● Your assignment
With the pictures set aside, write out all of the data exactly as it stands.

● Stored data
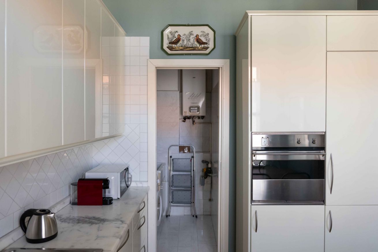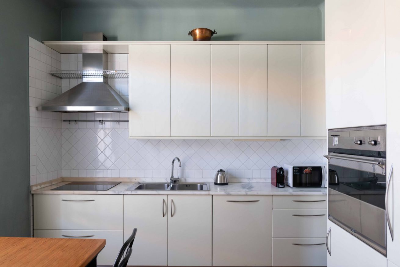 Cucina completamente attrezzata con piano cottura, frigorifero, forno/microonde, utensili, stoviglie e macchina del caffè — perfetta sia per soggiorni brevi che più lunghi.
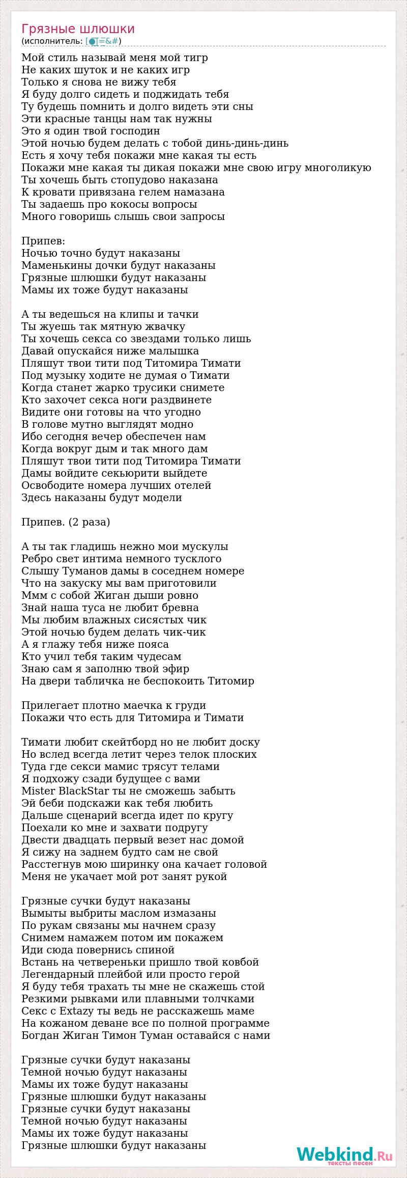 Мой стиль называй меня мой тигр Не каких шуток и не каких игр Только я снова не вижу тебя Я буду долго сидеть и поджидать тебя Ту будешь помнить и долго видеть эти сны Эти красные танцы нам так нужны Это я один твой господин Этой ночью будем делать с тобой динь-динь-динь Есть я хочу тебя покажи мне какая ты есть Покажи мне какая ты дикая покажи мне свою игру многоликую Ты хочешь быть стопудово наказана К кровати привязана гелем намазана Ты задаешь про кокосы вопросы Много говоришь слышь свои запросы Припев: Ночью точно будут наказаны Маменькины дочки будут наказаны Грязные шлюшки будут наказаны Мамы их тоже будут наказаны А ты ведешься на клипы и тачки Ты жуешь так мятную жвачку Ты хочешь секса со звездами только лишь Давай опускайся ниже малышка Пляшут твои тити под Титомира Тимати Под музыку ходите не думая о Тимати Когда станет жарко трусики снимете Кто захочет секса ноги раздвинете Видите они готовы на что угодно В голове мутно выглядят модно Ибо сегодня вечер обеспечен нам Когда вокруг дым и так много дам Пляшут твои тити под Титомира Тимати Дамы войдите секьюрити выйдете Освободите номера лучших отелей Здесь наказаны будут модели Припев. (2 раза) А ты так гладишь нежно мои мускулы Ребро свет интима немного тусклого Слышу Туманов дамы в соседнем номере Что на закуску мы вам приготовили Ммм с собой Жиган дыши ровно Знай наша туса не любит бревна Мы любим влажных сисястых чик Этой ночью будем делать чик-чик А я глажу тебя ниже пояса Кто учил тебя таким чудесам Знаю сам я заполню твой эфир На двери табличка не беспокоить Титомир Прилегает плотно маечка к груди Покажи что есть для Титомира и Тимати Тимати любит скейтборд но не любит доску Но вслед всегда летит через телок плоских Туда где секси мамис трясут телами Я подхожу сзади будущее с вами Mister BlackStar ты не сможешь забыть Эй беби подскажи как тебя любить Дальше сценарий всегда идет по кругу Поехали ко мне и захвати подругу Двести двадцать первый везет нас домой Я сижу на заднем будто сам не свой Расстегнув мою ширинку она качает головой Меня не укачает мой рот занят рукой Грязные сучки будут наказаны Вымыты выбриты маслом измазаны По рукам связаны мы начнем сразу Снимем намажем потом им покажем Иди сюда повернись спиной Встань на четвереньки пришло твой ковбой Легендарный плейбой или просто герой Я буду тебя трахать ты мне не скажешь стой Резкими рывками или плавными толчками Секс с Extazy ты ведь не расскажешь маме На кожаном деване все по полной программе Богдан Жиган Тимон Туман оставайся с нами Грязные сучки будут наказаны Темной ночью будут наказаны Мамы их тоже будут наказаны Грязные шлюшки будут наказаны Грязные сучки будут наказаны Темной ночью будут наказаны Мамы их тоже будут наказаны Грязные шлюшки будут наказаны
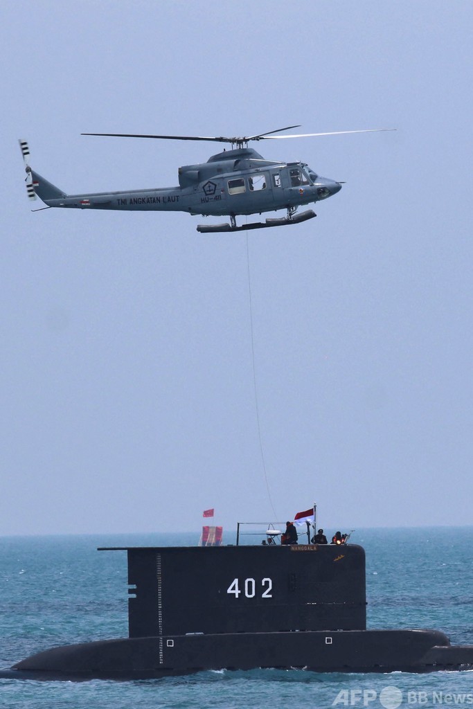 インドネシア軍は22日、水深50~100メートルで磁気反応を探知したと発表。ナンガラ402の可能性もあるが、艦内の酸素が尽きたとみられることから、最悪の事態も懸念されている。(c)AFP

● Written solution
 Cucina completamente attrezzata con piano cottura, frigorifero, forno/microonde, utensili, stoviglie e macchina del caffè — perfetta sia per soggiorni brevi che più lunghi.
 Мой стиль называй меня мой тигр Не каких шуток и не каких игр Только я снова не вижу тебя Я буду долго сидеть и поджидать тебя Ту будешь помнить и долго видеть эти сны Эти красные танцы нам так нужны Это я один твой господин Этой ночью будем делать с тобой динь-динь-динь Есть я хочу тебя покажи мне какая ты есть Покажи мне какая ты дикая покажи мне свою игру многоликую Ты хочешь быть стопудово наказана К кровати привязана гелем намазана Ты задаешь про кокосы вопросы Много говоришь слышь свои запросы Припев: Ночью точно будут наказаны Маменькины дочки будут наказаны Грязные шлюшки будут наказаны Мамы их тоже будут наказаны А ты ведешься на клипы и тачки Ты жуешь так мятную жвачку Ты хочешь секса со звездами только лишь Давай опускайся ниже малышка Пляшут твои тити под Титомира Тимати Под музыку ходите не думая о Тимати Когда станет жарко трусики снимете Кто захочет секса ноги раздвинете Видите они готовы на что угодно В голове мутно выглядят модно Ибо сегодня вечер обеспечен нам Когда вокруг дым и так много дам Пляшут твои тити под Титомира Тимати Дамы войдите секьюрити выйдете Освободите номера лучших отелей Здесь наказаны будут модели Припев. (2 раза) А ты так гладишь нежно мои мускулы Ребро свет интима немного тусклого Слышу Туманов дамы в соседнем номере Что на закуску мы вам приготовили Ммм с собой Жиган дыши ровно Знай наша туса не любит бревна Мы любим влажных сисястых чик Этой ночью будем делать чик-чик А я глажу тебя ниже пояса Кто учил тебя таким чудесам Знаю сам я заполню твой эфир На двери табличка не беспокоить Титомир Прилегает плотно маечка к груди Покажи что есть для Титомира и Тимати Тимати любит скейтборд но не любит доску Но вслед всегда летит через телок плоских Туда где секси мамис трясут телами Я подхожу сзади будущее с вами Mister BlackStar ты не сможешь забыть Эй беби подскажи как тебя любить Дальше сценарий всегда идет по кругу Поехали ко мне и захвати подругу Двести двадцать первый везет нас домой Я сижу на заднем будто сам не свой Расстегнув мою ширинку она качает головой Меня не укачает мой рот занят рукой Грязные сучки будут наказаны Вымыты выбриты маслом измазаны По рукам связаны мы начнем сразу Снимем намажем потом им покажем Иди сюда повернись спиной Встань на четвереньки пришло твой ковбой Легендарный плейбой или просто герой Я буду тебя трахать ты мне не скажешь стой Резкими рывками или плавными толчками Секс с Extazy ты ведь не расскажешь маме На кожаном деване все по полной программе Богдан Жиган Тимон Туман оставайся с нами Грязные сучки будут наказаны Темной ночью будут наказаны Мамы их тоже будут наказаны Грязные шлюшки будут наказаны Грязные сучки будут наказаны Темной ночью будут наказаны Мамы их тоже будут наказаны Грязные шлюшки будут наказаны
 インドネシア軍は22日、水深50~100メートルで磁気反応を探知したと発表。ナンガラ402の可能性もあるが、艦内の酸素が尽きたとみられることから、最悪の事態も懸念されている。(c)AFP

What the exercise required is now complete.